■ **Task description**
Transcribe word for word the section of the records below that opens with the line containing "Ribbon cutting for" and closes with the line containing "Operate Button and Temperature Controllers"; drop every picture.

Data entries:
========

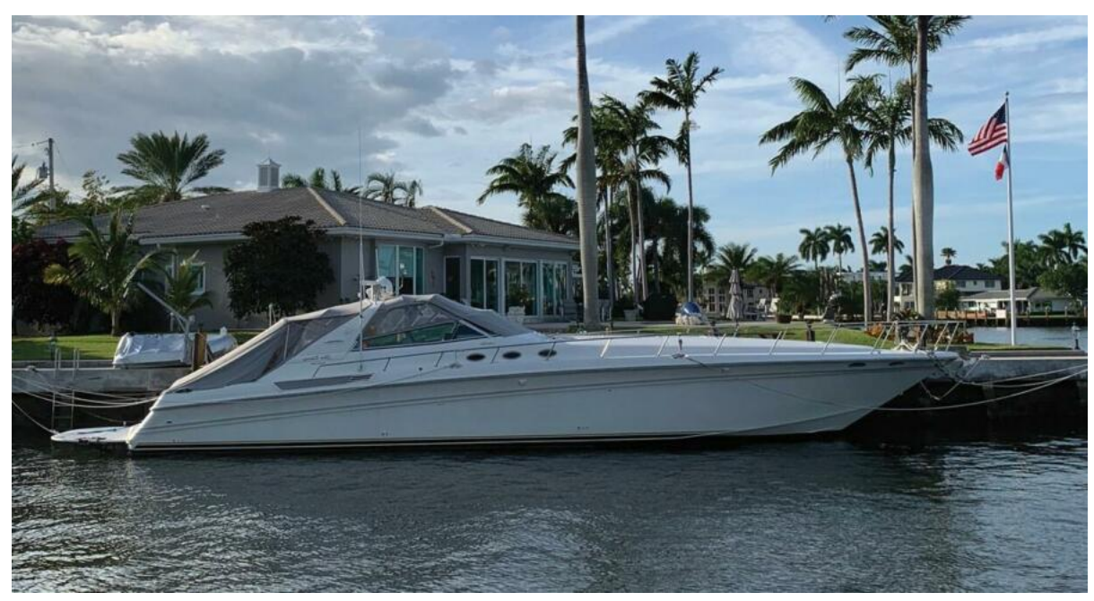
LUCHY, 63' Sea Ray 1995
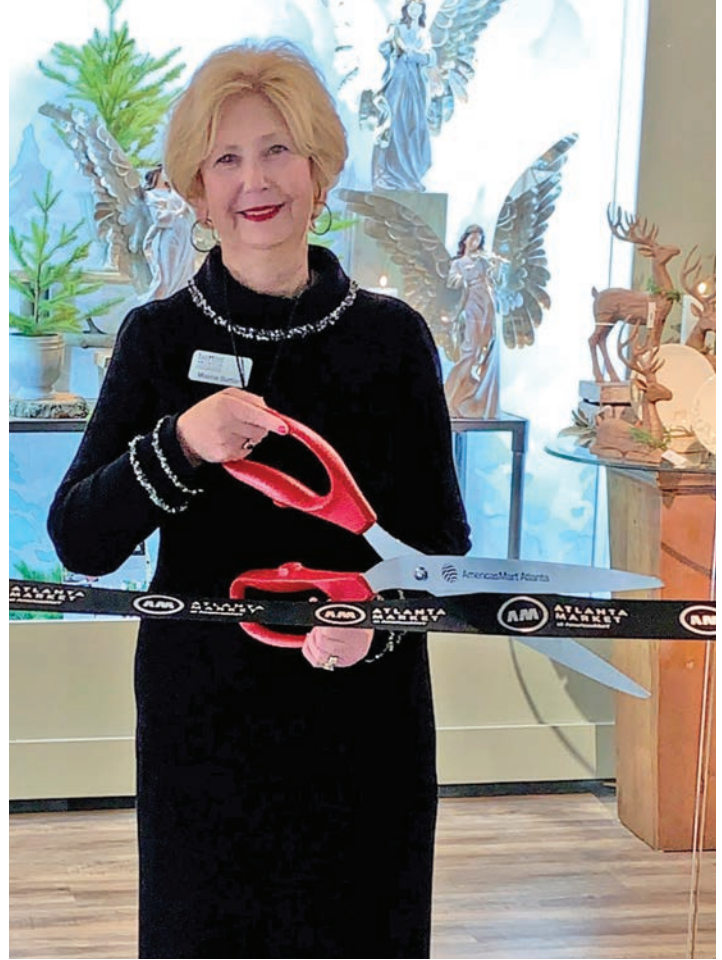
Ribbon cutting for new and expanded showroom at AmericasMart® Atlanta, January 2022
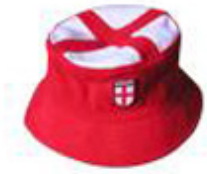
Product ID VAR-ENG1 100% Cotton Twill
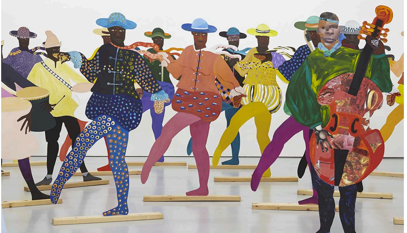
Lubaina Himid Naming the Money , 2004
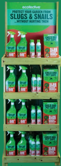
Wooden Stand 60cm Natural Slug & Snail Defence POSWS002
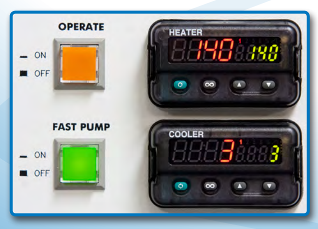
Operate Button and Temperature Controllers

The dedicated temperature controllers can be quickly reset for organic or aqueous applications.
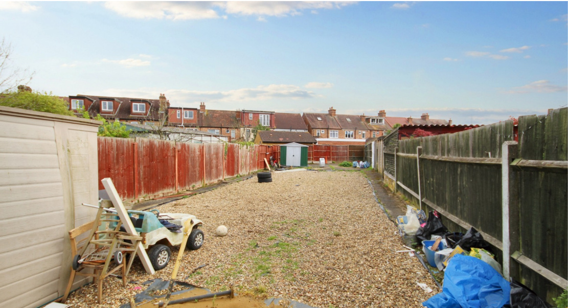
Offered with no further chain and located just a short walk from Sudbury Town Station is this Spacious Three Bedroom First floor flat. Internally you will find a good size lounge, family bathroom, separate WC, kitchen and three double bedrooms. Other benefits include a share of the rear garden and a share of freehold. All in all, making this an ideal property not to be missed.
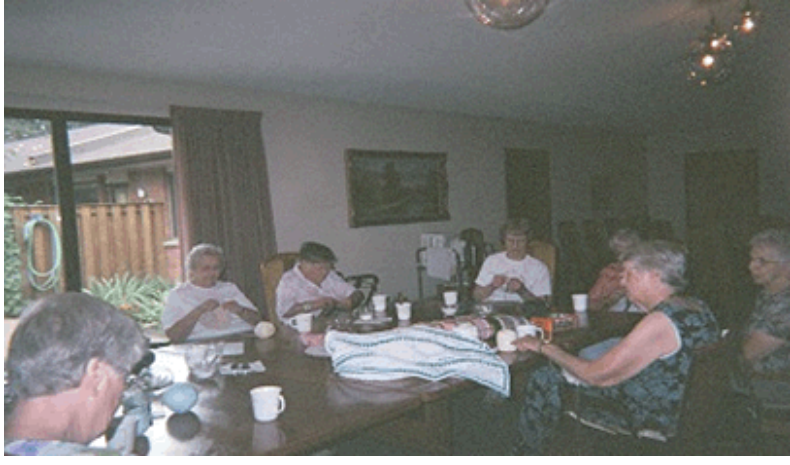
Figure 2: Merry widows

The International Electronic Journal of Rural and Remote Health Research, Education Practice and Policy
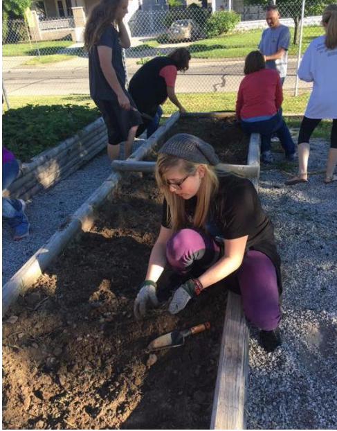
Members from Plymouth Congregational Church of Wichita, Kansas planted a garden together in May.
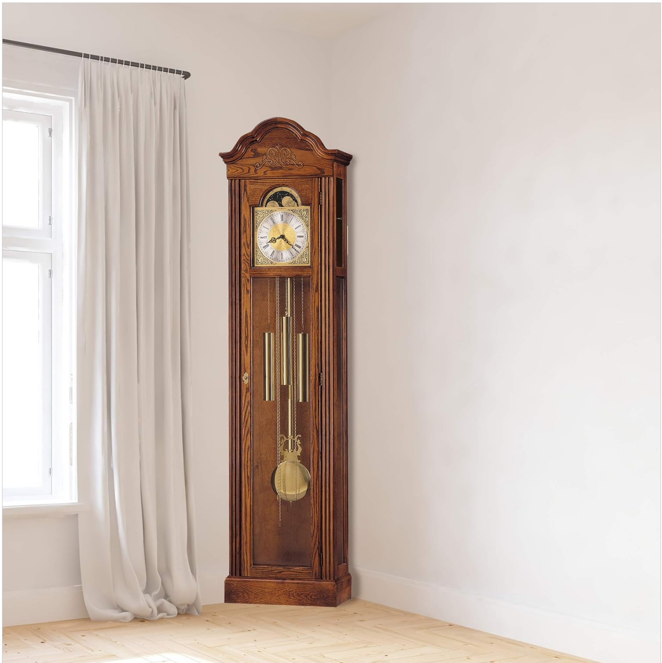
Figure 1: The Howard Miller Ashley Floor Clock, Model 610519, showcasing its full design in a home environment.

========

■ **Task response**
Ribbon cutting for new and expanded showroom at AmericasMart® Atlanta, January 2022
Product ID VAR-ENG1 100% Cotton Twill
Lubaina Himid Naming the Money , 2004
Wooden Stand 60cm Natural Slug & Snail Defence POSWS002
Operate Button and Temperature Controllers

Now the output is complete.